Abdul-Hamid, el sultán rojo que otrora prohibiera pronunciar la palabra patria incluso en el ejército, so pena de muerte, había comprendido que esa idea era incompatible con su imperio. No podía existir una patria otomana, sino sólo una patria turca. Con ella nacerían una patria macedonia, siria, armenia y árabe: Turquía sólo podía tener las de ganar a condición de perder el imperio. Apenas tomaron el poder en nombre de la nación, los Jóvenes Turcos hubieron de enfrentarse con las reivindicaciones de las naciones otrora vasallas. Los árabes —sobre todo los de Siria y Mesopotamia, gran número de los cuales ocupaba grados destacados en el ejército— habían participado con entusiasmo en la joven revolución turca, de la que esperaban que impusiera el federalismo. Al día siguiente de las elecciones —controladas por los Jóvenes Turcos— se sentaban en la Cámara sesenta diputados árabes contra ciento cincuenta turcos; en pocos meses la CUP se hacía racista, identificándose con la ideología turaniana de Enver. Raras veces una evolución triunfante no genera una vuelta al nacionalismo por parte de los principales vencedores. Se disolvieron todas las sociedades no turcas, se reforzó la centralización administrativa y se persiguió el movimiento árabe. Los Jóvenes Turcos suscitaron más odio que el que suscitara Abdul-Hamid: los árabes habían concebido más esperanzas, y sus amigos de la víspera habían pasado a ser los nuevos tiranos.



La sociedad Fraternidad árabe, en la que se habían agrupado, al aprobarse la Constitución, las antiguas sociedades secretas prohibidas por los Jóvenes Turcos, fue disuelta; éstos no toleraron ya más que dos sociedades árabes: el Club Literario, por ser de carácter sobre todo cultural y tener su sede en Constantinopla, y la Descentralización, porque estaba en El Cairo y contaba con la aprobación de los ingleses. No ignoraban que algunas secciones de ésta se habían fundado en las grandes ciudades de Siria; tampoco ignoraron durante más que un breve lapso de tiempo la existencia de una sociedad secreta formada exclusivamente por oficiales árabes, la Qahtaniya, cuya meta era instaurar una monarquía turco-árabe similar a la monarquía austrohúngara: la sociedad, traicionada, se desintegró. Pero continuaron ignorando, si no la existencia, al menos sí los medios de acción y los nombres de los miembros de la Fetah, fundada en París, que formó en menos de cuatro años el invisible marco de la resistencia siria.

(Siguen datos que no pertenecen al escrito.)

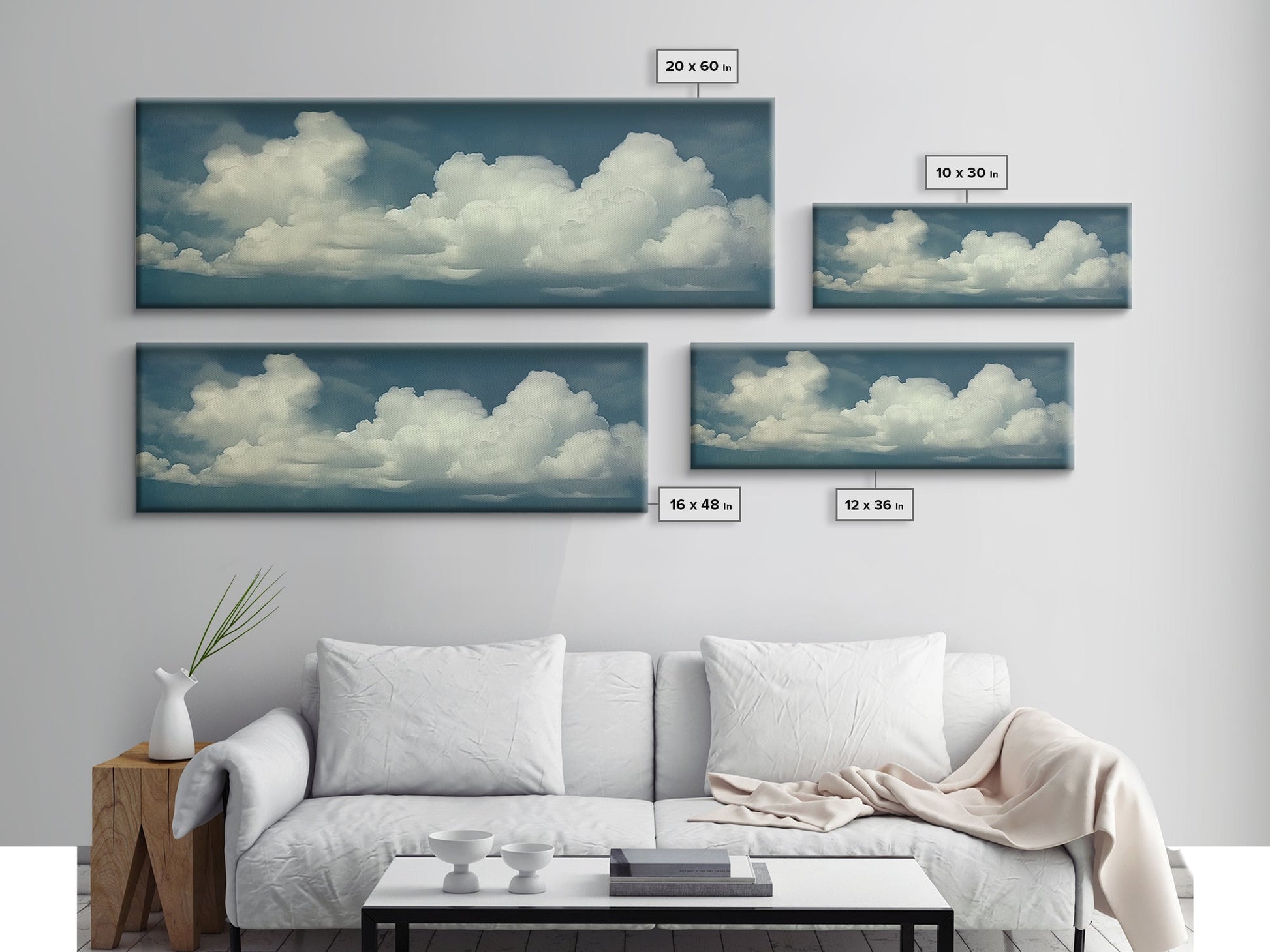Large Format Clouds Wall Art - Panoramic Print - Framed Canvas Print - Panoramic Framed Canvas Cloudy Art Print - Clouds On A Blue Sky

Tampoco conocieron muy bien la Ahad, en la que uno de los jefes de la Qahtaniya desarticulada, el comandante Aziz Alí, había agrupado a los oficiales árabes del ejército turco.

Durante la época del acuerdo entre árabes y turcos, en los inicios de la revolución, los Jóvenes Turcos habían nombrado jefe de los Santos Lugares, gran jerife de La Meca, al jeque Hussein ibn Alí.

Un hijo del gran jerife de La Meca, el emir Abdula, vicepresidente del Parlamento turco, pero miembro de la Fetah, de paso por El Cairo en febrero de 1914, visitó a Lord Kitchener, a la sazón agente inglés para Egipto, le señaló —no sin prudencia— la extensión y el arraigo del movimiento sirio y se informó acerca de la actitud que adoptaría Inglaterra ante un levantamiento árabe. Kitchener contestó que las relaciones entre Gran Bretaña y Turquía eran cordiales y que su país no podía propiciar semejante levantamiento. No obstante, dio instrucciones al secretario para Oriente, Storrs, para que no rompiera relaciones con Abdula. Ambos eran grandes aficionados al ajedrez. ¿Cómo dos hombres que tenían un interés capaz en cultivar una aparente amistad no habían de descubrir una pasión común? Abdula facilitó a Storrs más información sobre el movimiento árabe de la que le facilitara a Kitchener, y acabó pidiendo ametralladoras, petición que rechazó Storrs. Y ambos se mantuvieron a la espera.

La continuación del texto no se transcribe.